As a guideline, this is the perfect quantity for a 9 x 7 inch (23 x 17.5 cm) pan.

  • 125g rolled oats
  • 80g dried apricots
  • 30g crystalised ginger
  • 1 1/2 tsp ground ginger
  • 1 tsp ground cinnamon
  • 2 tsp vanilla essence
  • 1/2 tsp salt
  • 60g butter
  • 3 tablespoons golden syrup
  • 1 tablespoon honey
  • 50g light brown unrefined sugar

1. Soak the dried apricots in water for a minimum of 2 hours, until they rehydrate and puff up nice and juicy. Set aside 4 or so, then puree the rest (I recommend a hand/immersion-blender).

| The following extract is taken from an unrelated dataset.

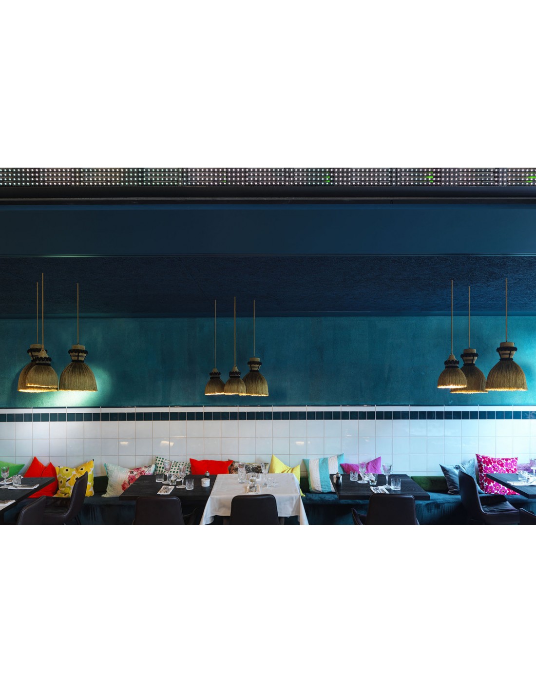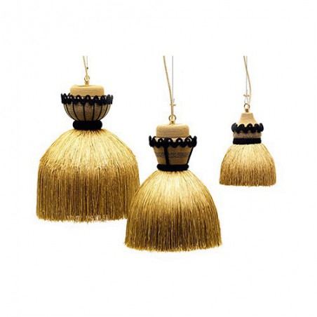La lampada Madama è stata ideata da Cristina Celestino per Mogg. Il design prende ispirazione da un abbigliamento specifico e in modo particolare da una sottogonna tipica del XIX secolo. Il volume imponente del paralume è dato da un elemento in acciaio e da rocchetti in legno. La lampada ha un richiamo allo stile orientale. Lampada a sospensione con paralume in metallo rivestito in frange di tessuto (lampadina con attacco E27|MAX60W, esclusa).

2. Pre-heat the oven to 190 C/375 F/Gas 5. Line a shallow baking tin with baking paper or grease it well with butter or oil.

2. Melt the butter, golden syrup, honey and sugar together until all it’s all goopy liquid. Add the oats, pureed apricots, vanilla extract, ground ginger & cinnamon to the liquid mixture and stir to coat.

4. Tip the mixture into the baking tin and spread evenly with the back of a metal spoon.

5. Chop the remaining apricots into pieces – as a rough guide, each apricot should be in 6 – 8 pieces. Chop the ginger to a similar size. Stud the ginger and apricots firmly into the oat mixture, distributing evenly across the tin. Use the spoon to even it out again if need be.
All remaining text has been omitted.